◆ Task to carry out ◆
The reply must contain exactly the lines below from the one with "Kıvrım Örgülü Triko" down to the one with "Beigefarbener Pullover mit", both included, and nothing more; please omit the pictures.

:: Provided data ::

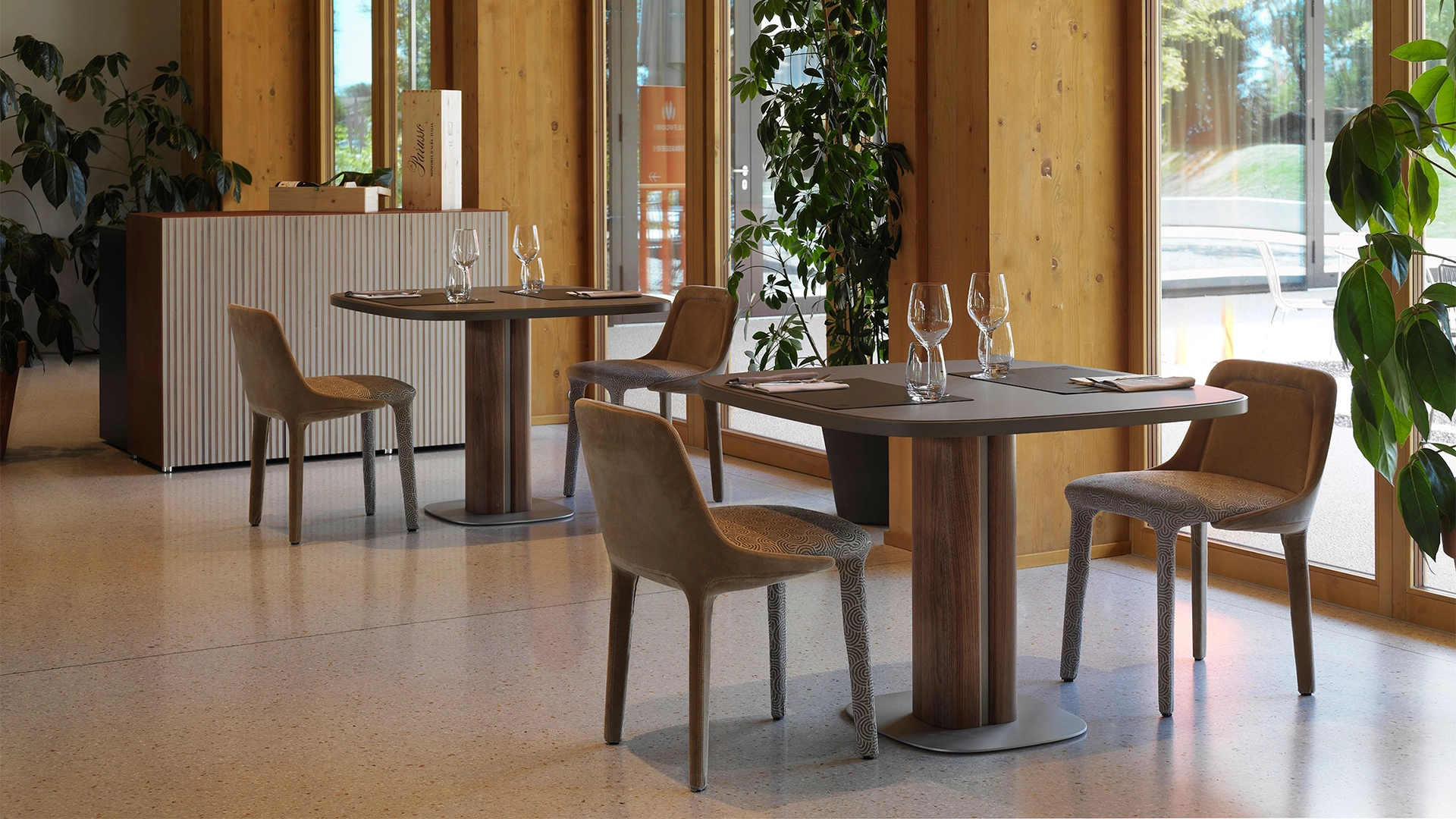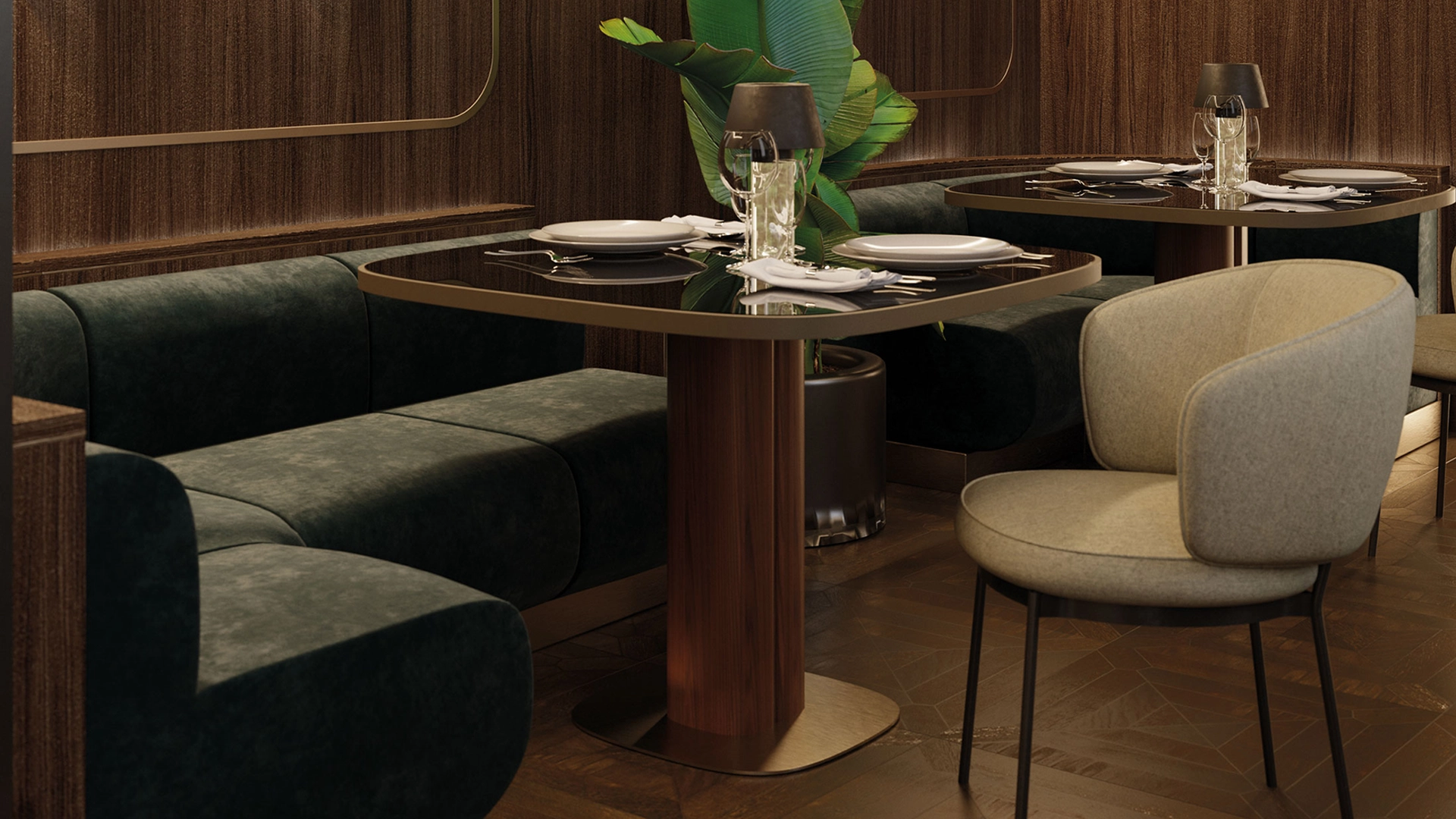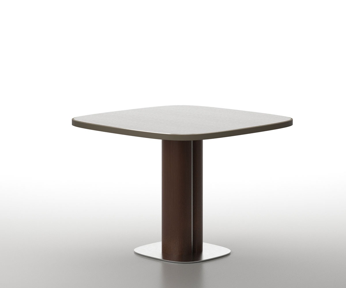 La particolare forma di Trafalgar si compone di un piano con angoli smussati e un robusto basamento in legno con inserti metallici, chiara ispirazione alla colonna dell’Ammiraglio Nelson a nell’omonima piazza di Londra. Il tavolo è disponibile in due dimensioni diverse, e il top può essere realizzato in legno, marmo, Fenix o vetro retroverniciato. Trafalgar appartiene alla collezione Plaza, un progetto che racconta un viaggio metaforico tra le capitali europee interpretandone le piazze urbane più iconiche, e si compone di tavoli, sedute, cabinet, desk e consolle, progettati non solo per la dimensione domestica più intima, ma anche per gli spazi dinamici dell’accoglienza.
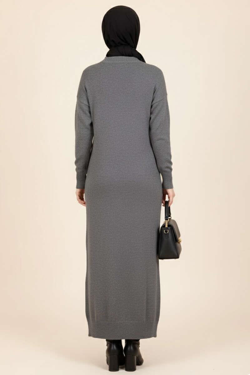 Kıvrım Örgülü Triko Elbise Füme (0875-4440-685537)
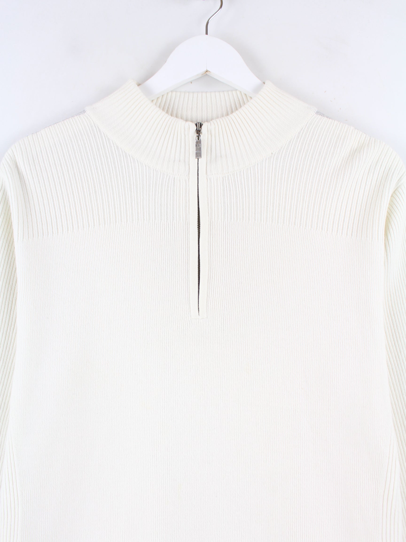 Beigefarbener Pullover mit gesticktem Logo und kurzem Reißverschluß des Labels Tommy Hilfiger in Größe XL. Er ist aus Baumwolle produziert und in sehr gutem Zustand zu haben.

:::
:: Provided data ::

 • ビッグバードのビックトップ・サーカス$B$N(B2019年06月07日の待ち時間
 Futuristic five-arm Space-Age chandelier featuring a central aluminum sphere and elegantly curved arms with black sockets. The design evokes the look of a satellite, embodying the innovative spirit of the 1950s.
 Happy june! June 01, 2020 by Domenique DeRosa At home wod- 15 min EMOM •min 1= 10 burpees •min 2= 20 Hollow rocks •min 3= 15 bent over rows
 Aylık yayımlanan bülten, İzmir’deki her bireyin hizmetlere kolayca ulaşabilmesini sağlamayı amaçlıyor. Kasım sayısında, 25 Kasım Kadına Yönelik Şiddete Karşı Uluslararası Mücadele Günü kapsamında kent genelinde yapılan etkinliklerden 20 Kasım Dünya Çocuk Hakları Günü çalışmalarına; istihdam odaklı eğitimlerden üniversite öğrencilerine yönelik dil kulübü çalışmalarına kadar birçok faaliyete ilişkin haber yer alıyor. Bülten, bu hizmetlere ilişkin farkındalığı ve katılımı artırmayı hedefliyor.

:::
:: Provided data ::

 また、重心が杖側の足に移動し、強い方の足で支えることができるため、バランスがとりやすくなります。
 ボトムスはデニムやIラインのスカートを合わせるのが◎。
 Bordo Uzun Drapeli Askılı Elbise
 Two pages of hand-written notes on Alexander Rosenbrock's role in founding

:::

◆ Answer ◆
 Kıvrım Örgülü Triko Elbise Füme (0875-4440-685537)
 Beigefarbener Pullover mit gesticktem Logo und kurzem Reißverschluß des Labels Tommy Hilfiger in Größe XL. Er ist aus Baumwolle produziert und in sehr gutem Zustand zu haben.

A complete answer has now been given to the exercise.